── PROVIDED INFORMATION

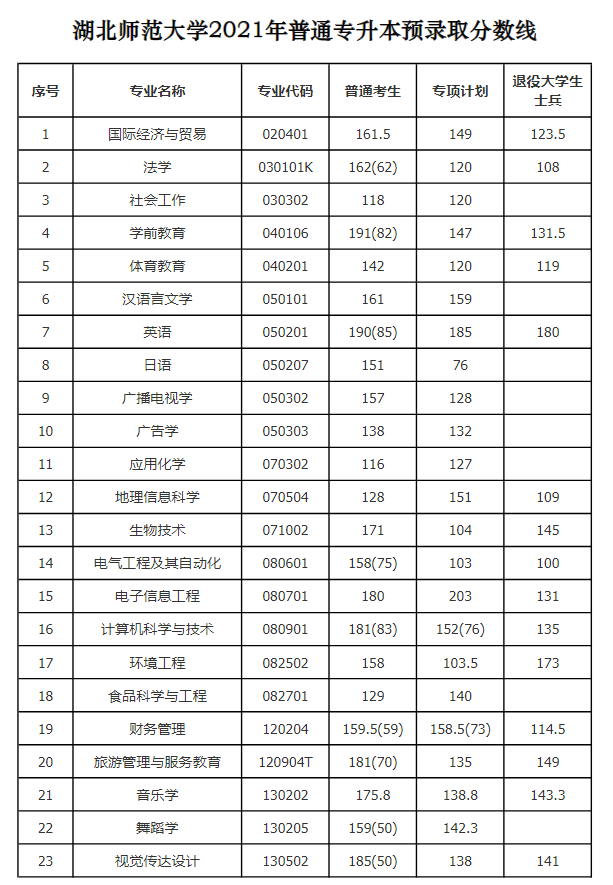 预录取分数线的划定按照《湖北师范大学2021年普通专升本招生简章》公布的普通专升本录取原则,对照录取计划进行。我校“退役大学生士兵”录取计划35人,预录取35人;“专项计划考生”录取计划143人,预录取143人;普通考生(含专项计划)录取计划867人,预录取869人(电气工程及其自动化、视觉传达设计专业分别有两个考生专业成绩、英语成绩、总成绩完全相同,按规则都录取)。
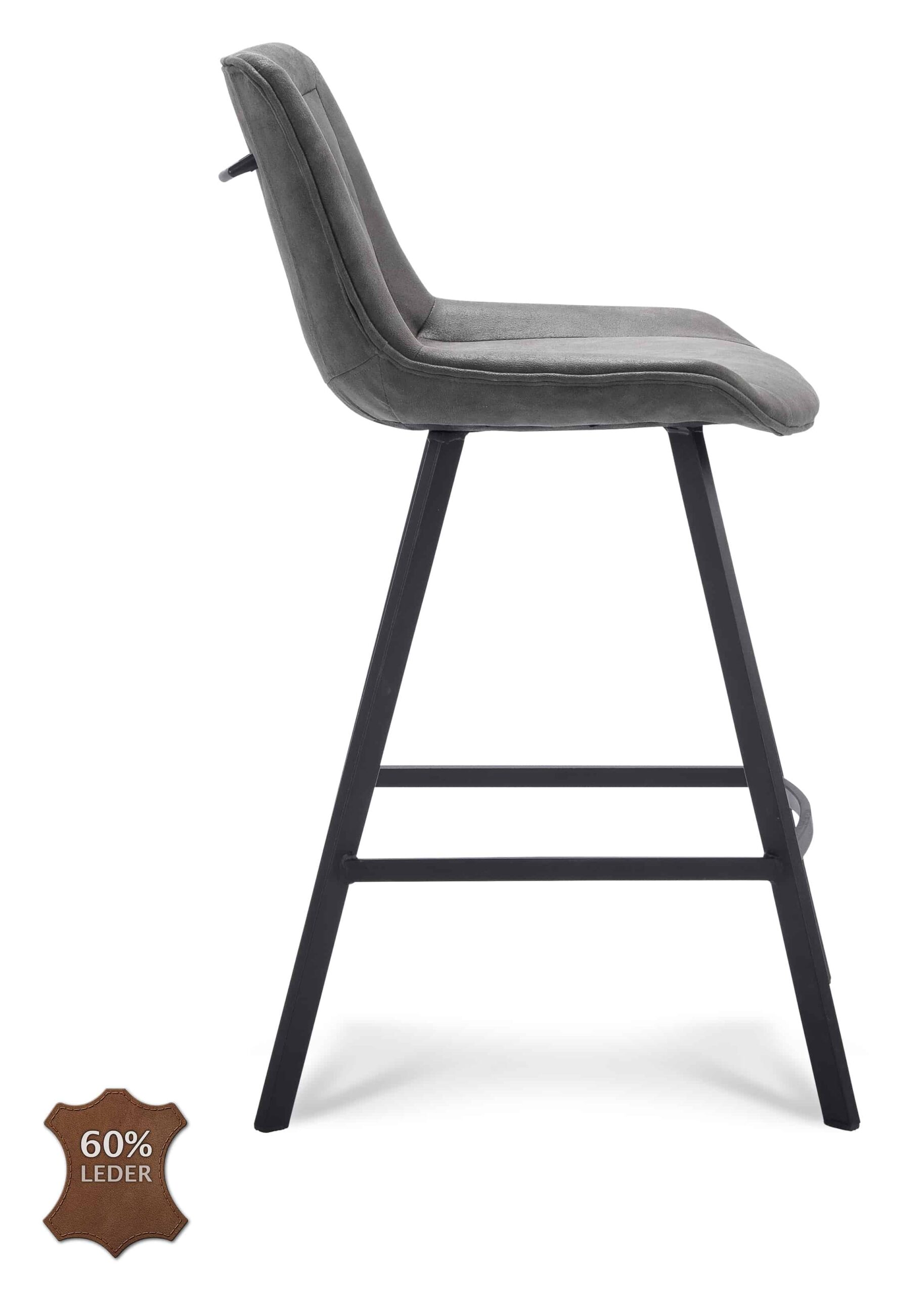 De barstoel is uitgevoerd in een diepe antracietkleur, gemaakt van hoogwaardig microleder. Dit materiaal staat niet alleen bekend om zijn luxe uitstraling, maar ook om zijn duurzaamheid en gemak in onderhoud. Het microleder biedt een comfortabele zitervaring en voegt tegelijkertijd een vleugje elegantie toe aan elke ruimte. Het stevige metalen onderstel biedt niet alleen stabiliteit, maar geeft ook een industrieel tintje aan de barstoel.
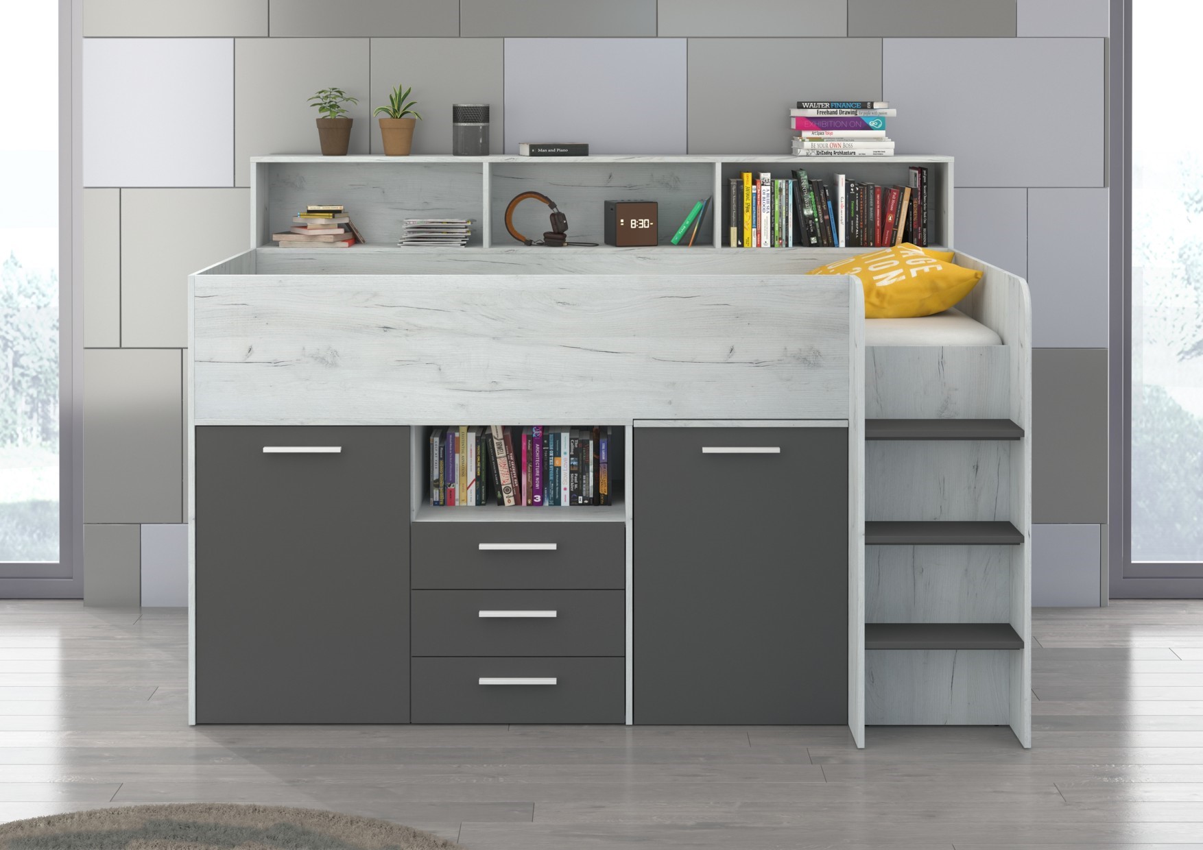 Мезонин ENO P без матраса. ДСП толщиной 16 мм, кромка из ABS-пластика, система плавного закрывания ящиков и шкафов, максимальная высота матраса 12 см, цвет: белый дуб/графит.
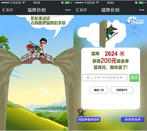 在內(nèi)測(cè)階段,筆者有幸體驗(yàn)了一次《猛降價(jià)到》。簡(jiǎn)單的來(lái)說(shuō),這是一款類(lèi)似于“打企鵝”的擊打類(lèi)游戲,打開(kāi)游戲界面,會(huì)有一個(gè)擊打?qū)ο?mdash;—猛將在天橋上與五星電器的家電顧問(wèn)“小伍”相遇,操作者只需點(diǎn)擊屏幕上的猛將,便可將他輕松打落萬(wàn)米懸崖,獲取現(xiàn)金券。當(dāng)然,現(xiàn)金券的金額得根據(jù)操作者的擊打手法來(lái)哦,通過(guò)不同的角度、擊打不同的部位,都會(huì)出現(xiàn)不一樣的效果。當(dāng)然最終現(xiàn)金券獲得的多少是按照墜落的米數(shù)來(lái)決定的,即猛將墜落的米數(shù)越大,獲得現(xiàn)金券的額度就越高,例如筆者將猛將擊落了2624米,因此成功獲得了200元的現(xiàn)金券。這現(xiàn)金券可用于在國(guó)慶節(jié)期間到五星門(mén)店購(gòu)買(mǎi)家電使用,購(gòu)物滿(mǎn)一定金額,全額直抵現(xiàn)金。
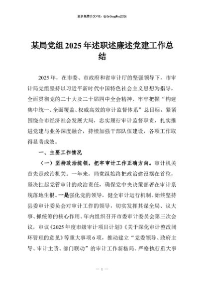/ 【七哥公文】2025年:某局党组2025年述职述廉述党建工作总结+更多免费公文+VX:QiGeGongWen2024
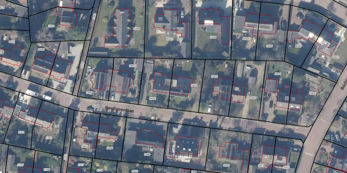 Beethovenlaan 10 is gelegen op kadastraal perceel HZN00B5693. Deze kadastrale aanduiding is uniek en wordt gebruikt door het Kadaster om eigendomsrechten en andere zakelijke rechten vast te leggen. Het perceel maakt onderdeel uit van de kadastrale gemeente Huizen.
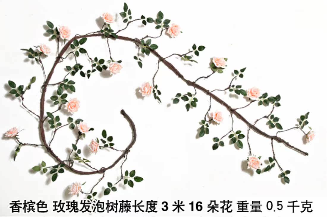 Simulation rose fake flower rattan green wall plant living room air conditioning pipe foam tree rattan Rose rattan high-end
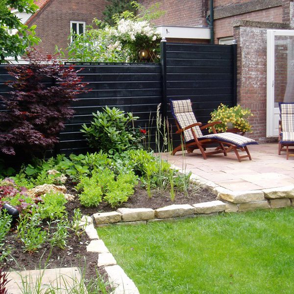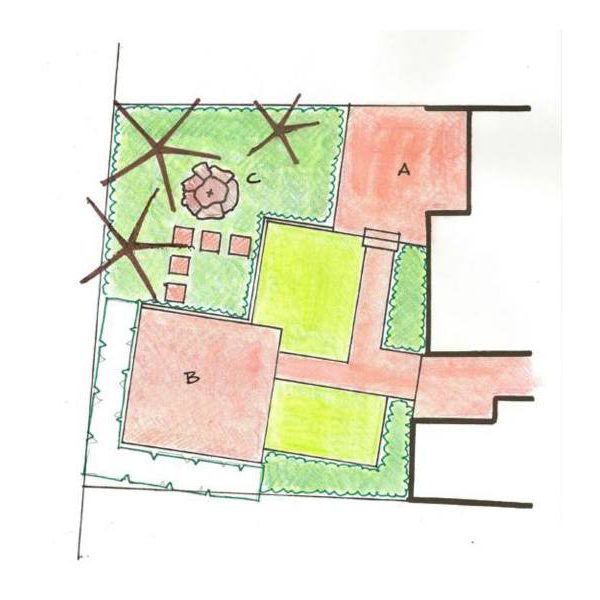 Dit huis heeft die typische dertiger-jaren bouw uit de vorige eeuw. De tuin heeft een voor -, zij- en achter-gedeelte. De schuine lijnen van de woning zijn in de tuin doorgezet. Hierdoor krijgt de afgesloten achtertuin een ‘opener’ karakter. Er is een ochtend- (A) en een avondterras (B), zodat men altijd kan kiezen voor het zitten in de zon of schaduw. Als bestrating is gekozen voor een mooie warme natuursteen, gelegd in ‘wildverband’.
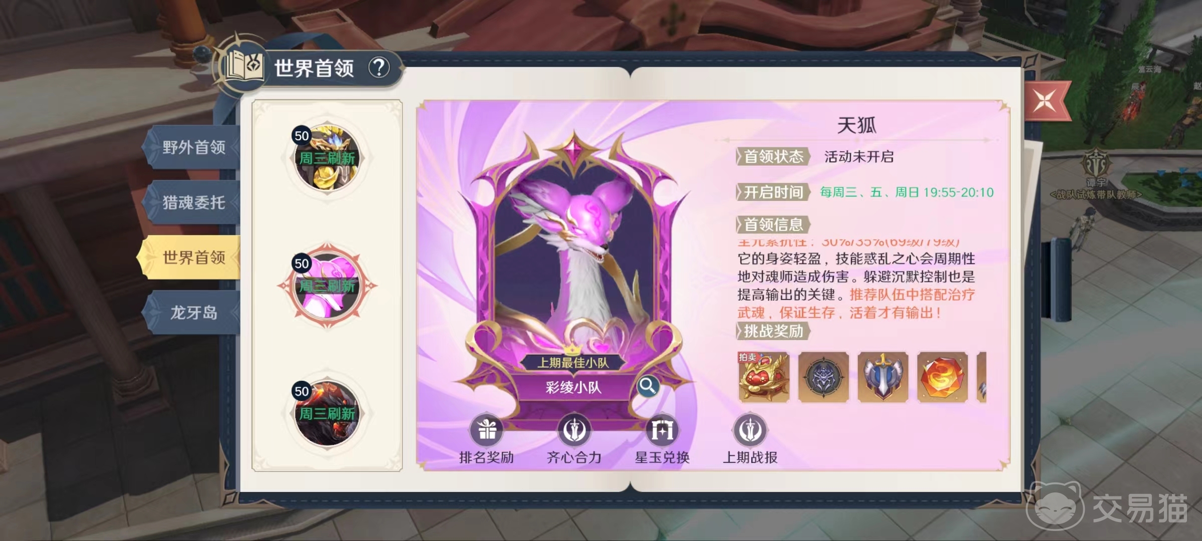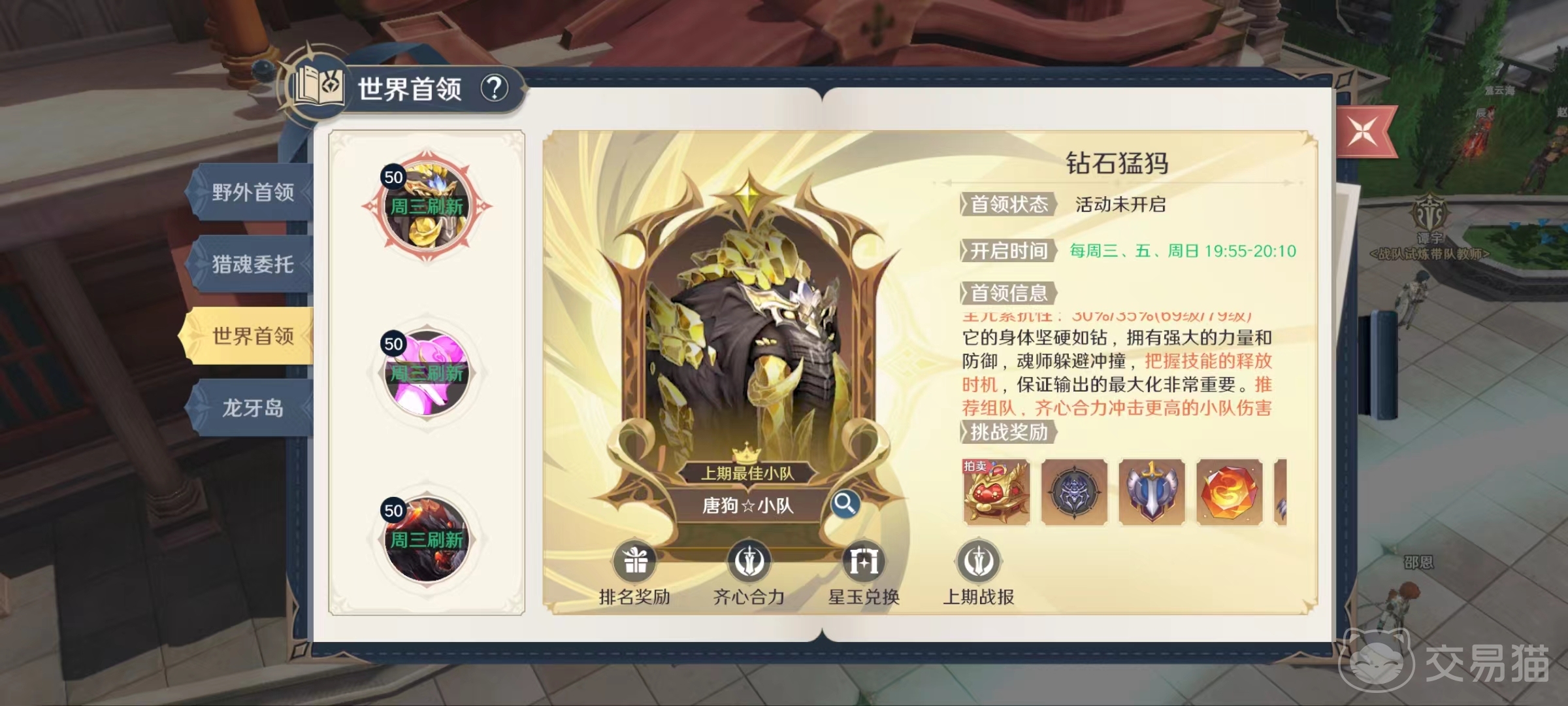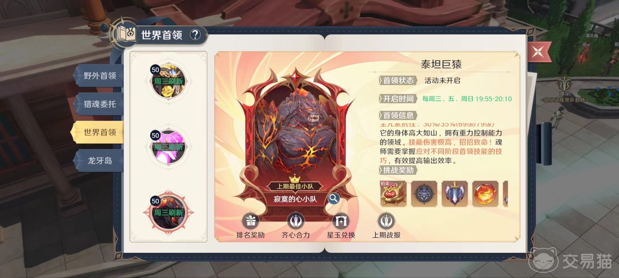 想要进入世界首领有两种途径,当世界首领刷新的时候,在大家界面的右侧就会直接显示图标,到时可以直接点击加入。也可以在冒险中选择挑战里的野外首领,在这里也有世界首领的相应界面。世界首领开启有一定的时间限制,只会在每周三、五和周日的19:55~20:10这一时间段开启。所以大家首先要牢记时间节点,不然很容易就错过。
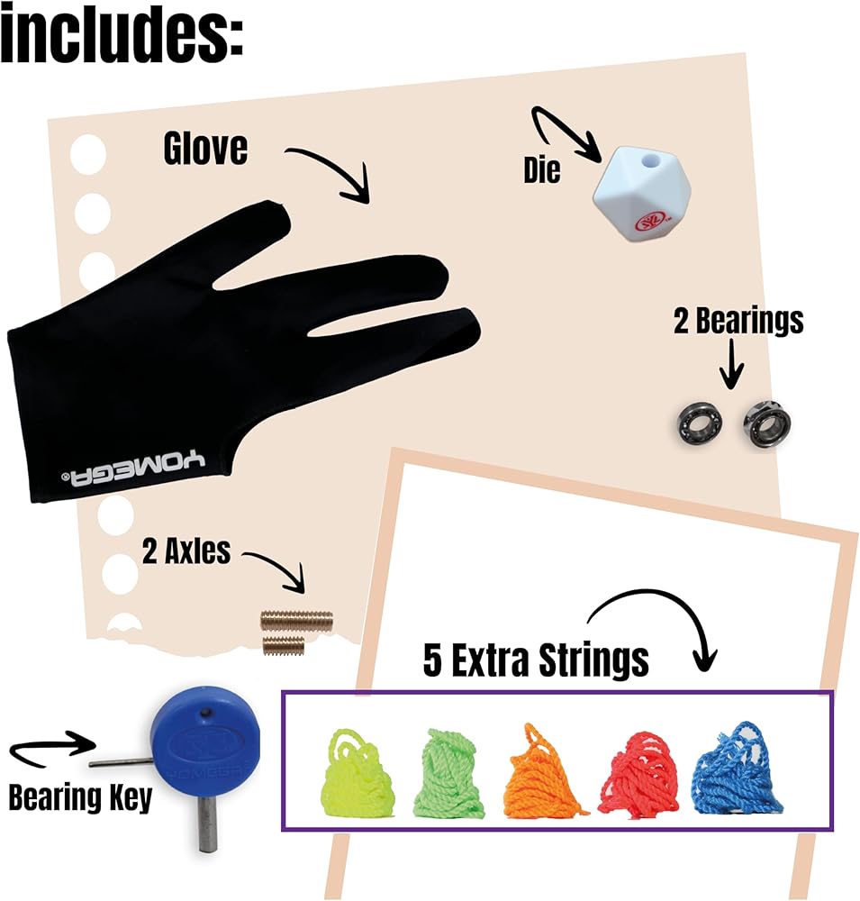 INCLUDES: 1 Pro x2 YoYo, 1 Bearing Key, 1 Dice Yo-Yo Counterweight, 2 Bearings, 2 Axles, Glove, 1+5 Kitty Strings, Tin Can
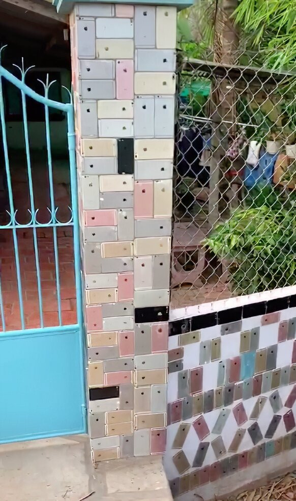 Tường rào ngôi nhà cũng được gia chủ “chơi lớn” ốp bằng iPhone. (Ảnh chụp màn hình)
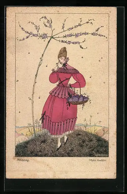 Künstler-AK Mela Köhler: Dame im roten Kleid mit Weinkorb
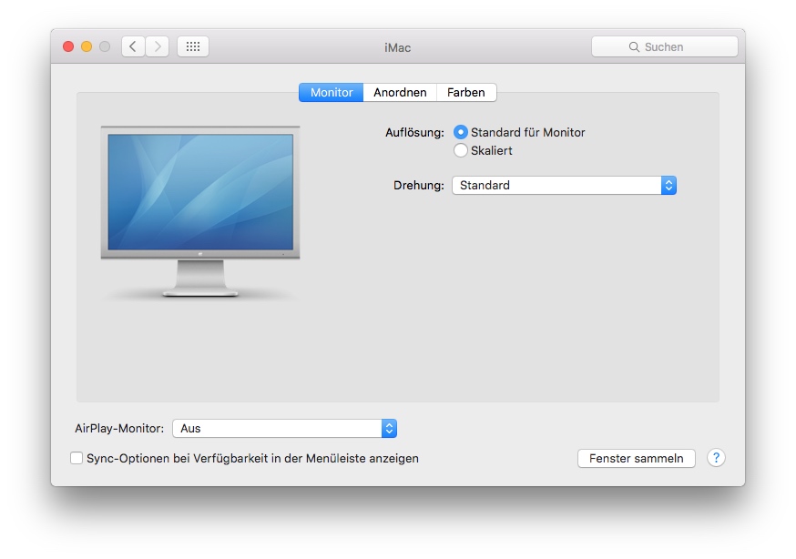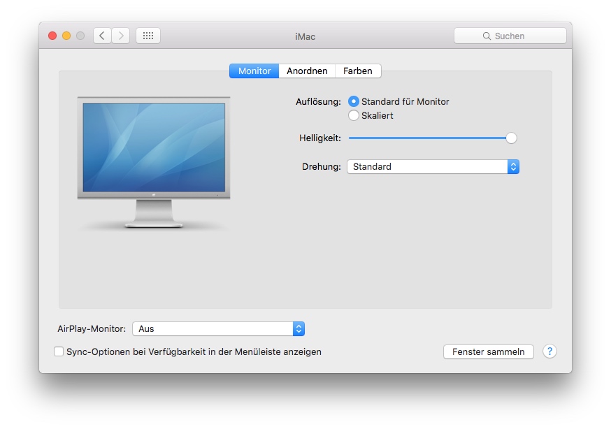 Now, when I press CMD+F2 at the iMac, the iMac gets used as a second display as intended, but it goes really dark! It's not black, you can still see the desktop but on a bright day it's really hard to see anything. Now this is pretty annoying, but the second part of the issue makes it a pain in the ***. When the iMac is dark, I always go to the system preferences and open the settings for the displays. I can see a window with the settings for the iMac, but there is no slider for the brightness! There is no way to make it brighter!

────

Beginning with the first line of the entries above, repeat each line word for word until the line with "Simulation rose fake" has been given too. Omit the pictures.

* _SOLUTION FOR THIS PROBLEM_:
 预录取分数线的划定按照《湖北师范大学2021年普通专升本招生简章》公布的普通专升本录取原则,对照录取计划进行。我校“退役大学生士兵”录取计划35人,预录取35人;“专项计划考生”录取计划143人,预录取143人;普通考生(含专项计划)录取计划867人,预录取869人(电气工程及其自动化、视觉传达设计专业分别有两个考生专业成绩、英语成绩、总成绩完全相同,按规则都录取)。
 De barstoel is uitgevoerd in een diepe antracietkleur, gemaakt van hoogwaardig microleder. Dit materiaal staat niet alleen bekend om zijn luxe uitstraling, maar ook om zijn duurzaamheid en gemak in onderhoud. Het microleder biedt een comfortabele zitervaring en voegt tegelijkertijd een vleugje elegantie toe aan elke ruimte. Het stevige metalen onderstel biedt niet alleen stabiliteit, maar geeft ook een industrieel tintje aan de barstoel.
 Мезонин ENO P без матраса. ДСП толщиной 16 мм, кромка из ABS-пластика, система плавного закрывания ящиков и шкафов, максимальная высота матраса 12 см, цвет: белый дуб/графит.
 在內(nèi)測(cè)階段,筆者有幸體驗(yàn)了一次《猛降價(jià)到》。簡(jiǎn)單的來(lái)說(shuō),這是一款類(lèi)似于“打企鵝”的擊打類(lèi)游戲,打開(kāi)游戲界面,會(huì)有一個(gè)擊打?qū)ο?mdash;—猛將在天橋上與五星電器的家電顧問(wèn)“小伍”相遇,操作者只需點(diǎn)擊屏幕上的猛將,便可將他輕松打落萬(wàn)米懸崖,獲取現(xiàn)金券。當(dāng)然,現(xiàn)金券的金額得根據(jù)操作者的擊打手法來(lái)哦,通過(guò)不同的角度、擊打不同的部位,都會(huì)出現(xiàn)不一樣的效果。當(dāng)然最終現(xiàn)金券獲得的多少是按照墜落的米數(shù)來(lái)決定的,即猛將墜落的米數(shù)越大,獲得現(xiàn)金券的額度就越高,例如筆者將猛將擊落了2624米,因此成功獲得了200元的現(xiàn)金券。這現(xiàn)金券可用于在國(guó)慶節(jié)期間到五星門(mén)店購(gòu)買(mǎi)家電使用,購(gòu)物滿(mǎn)一定金額,全額直抵現(xiàn)金。
/ 【七哥公文】2025年:某局党组2025年述职述廉述党建工作总结+更多免费公文+VX:QiGeGongWen2024
 Beethovenlaan 10 is gelegen op kadastraal perceel HZN00B5693. Deze kadastrale aanduiding is uniek en wordt gebruikt door het Kadaster om eigendomsrechten en andere zakelijke rechten vast te leggen. Het perceel maakt onderdeel uit van de kadastrale gemeente Huizen.
 Simulation rose fake flower rattan green wall plant living room air conditioning pipe foam tree rattan Rose rattan high-end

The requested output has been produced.